WHAT TO PRODUCE
Line by line, return the listing exactly, without any of the images.

DATA PROVIDED
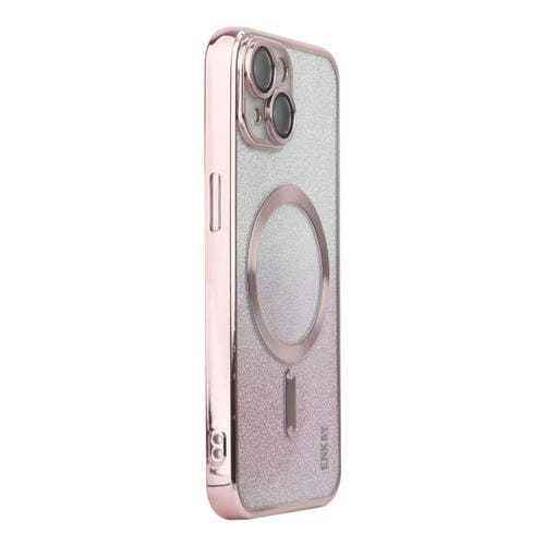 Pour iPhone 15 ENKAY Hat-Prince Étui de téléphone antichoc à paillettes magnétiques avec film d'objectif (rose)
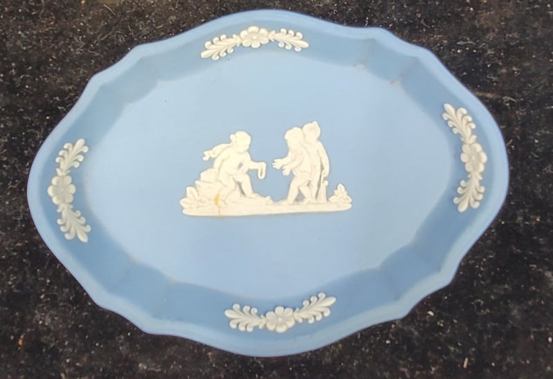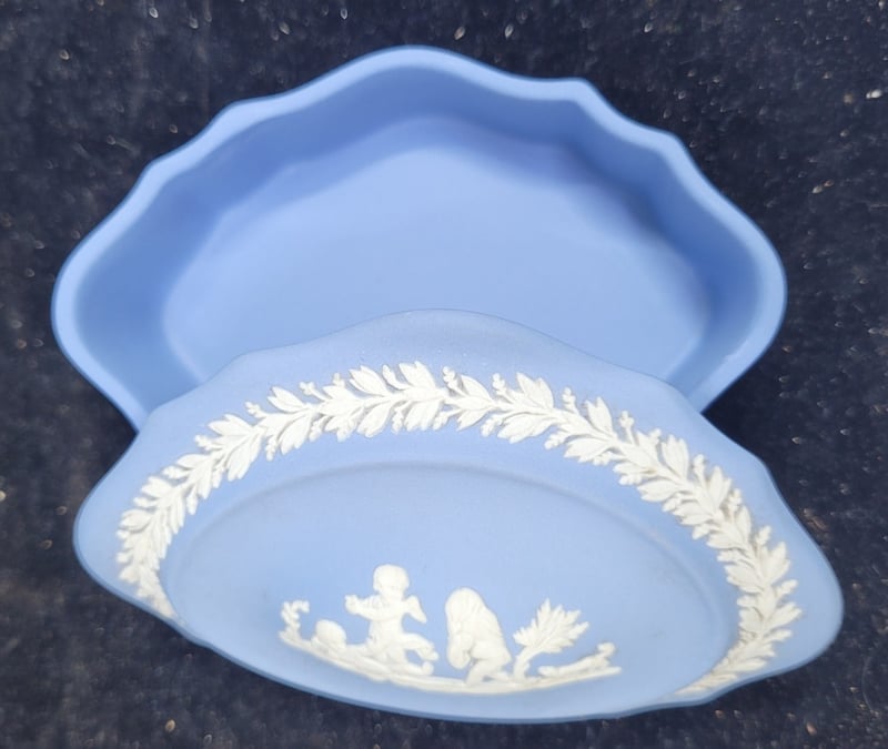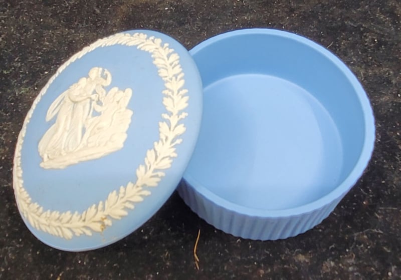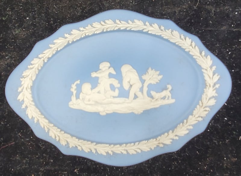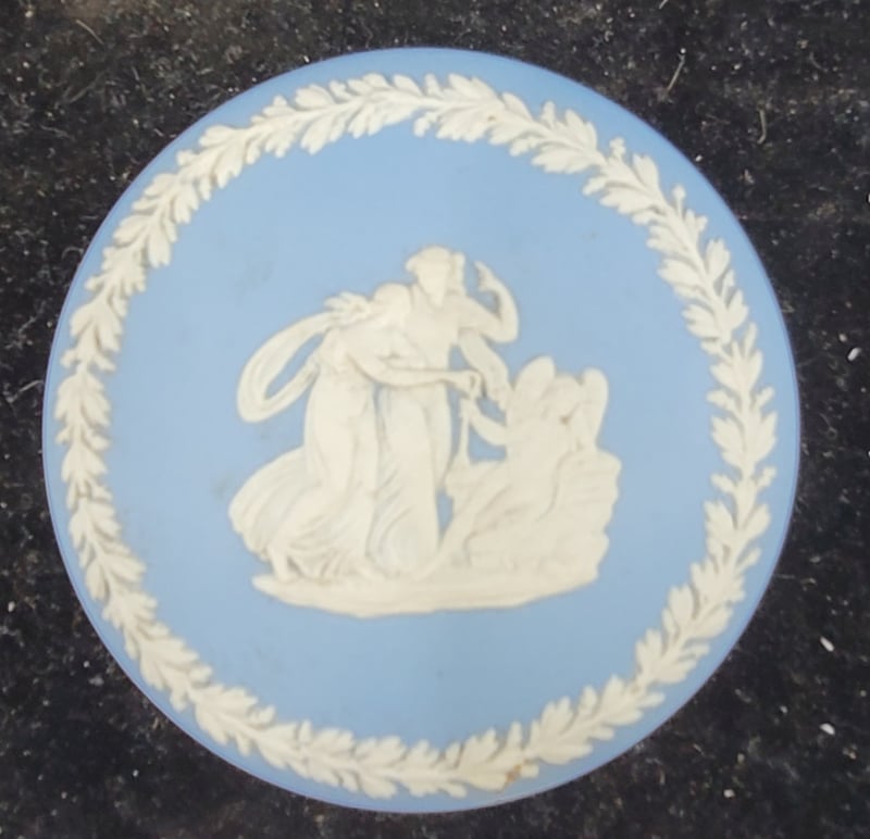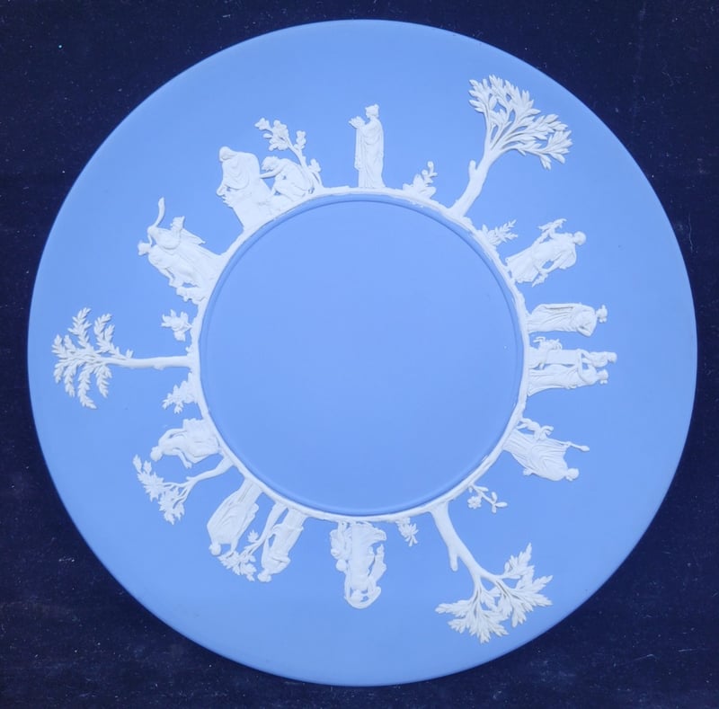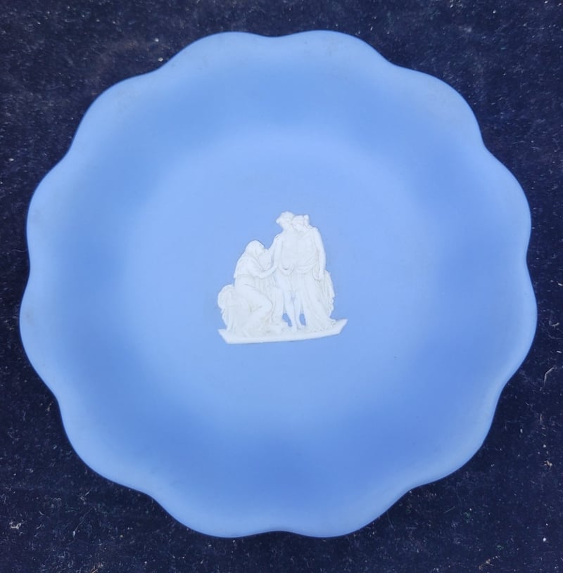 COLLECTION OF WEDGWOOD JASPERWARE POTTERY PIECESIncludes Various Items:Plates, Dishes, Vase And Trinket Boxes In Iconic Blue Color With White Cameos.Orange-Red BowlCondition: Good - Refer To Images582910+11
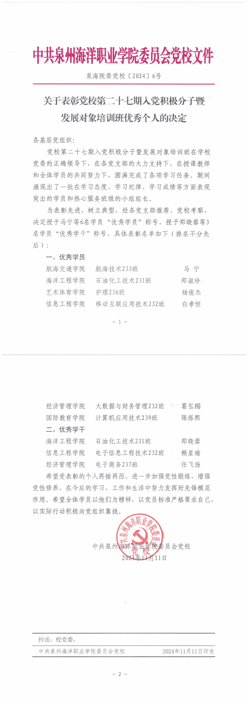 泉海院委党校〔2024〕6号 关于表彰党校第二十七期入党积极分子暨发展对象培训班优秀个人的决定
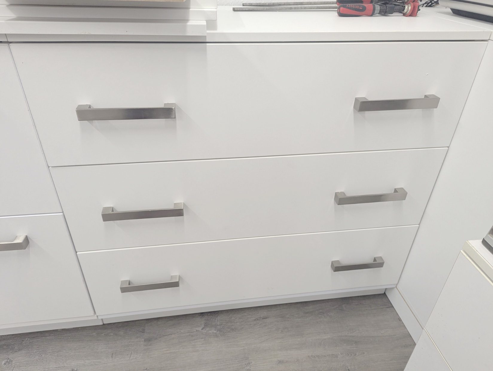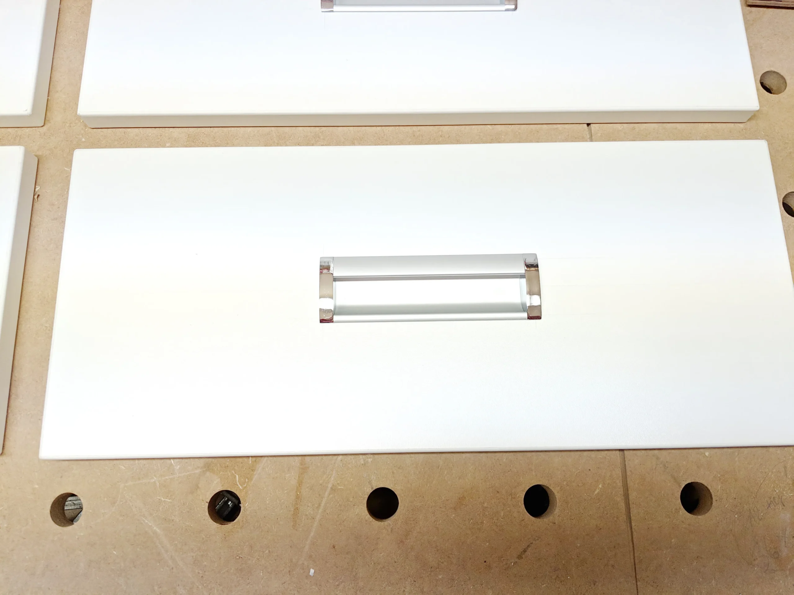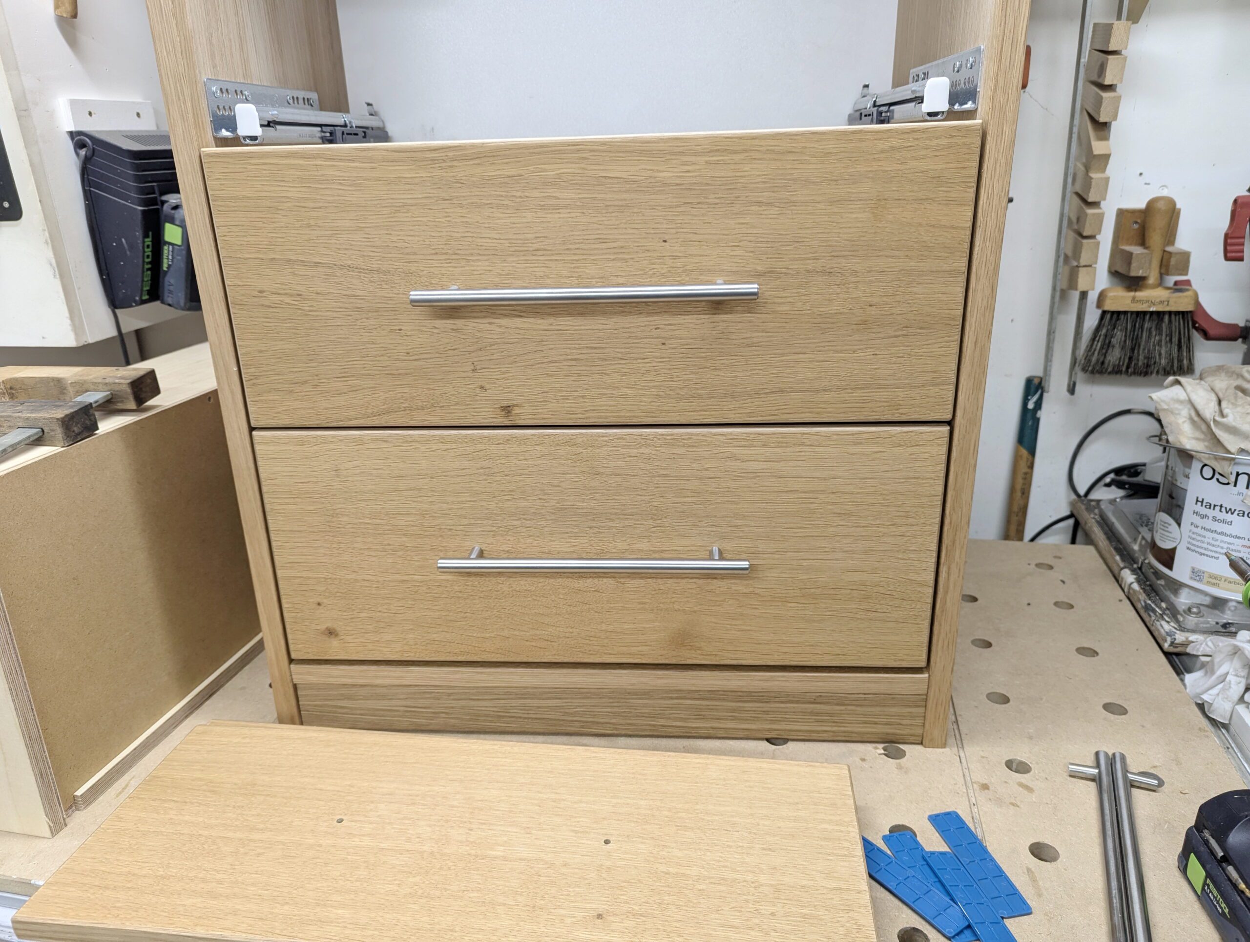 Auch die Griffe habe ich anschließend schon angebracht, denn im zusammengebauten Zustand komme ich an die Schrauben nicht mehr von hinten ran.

RESULT FOR THIS TASK
 Pour iPhone 15 ENKAY Hat-Prince Étui de téléphone antichoc à paillettes magnétiques avec film d'objectif (rose)
 COLLECTION OF WEDGWOOD JASPERWARE POTTERY PIECESIncludes Various Items:Plates, Dishes, Vase And Trinket Boxes In Iconic Blue Color With White Cameos.Orange-Red BowlCondition: Good - Refer To Images582910+11
 泉海院委党校〔2024〕6号 关于表彰党校第二十七期入党积极分子暨发展对象培训班优秀个人的决定
 Auch die Griffe habe ich anschließend schon angebracht, denn im zusammengebauten Zustand komme ich an die Schrauben nicht mehr von hinten ran.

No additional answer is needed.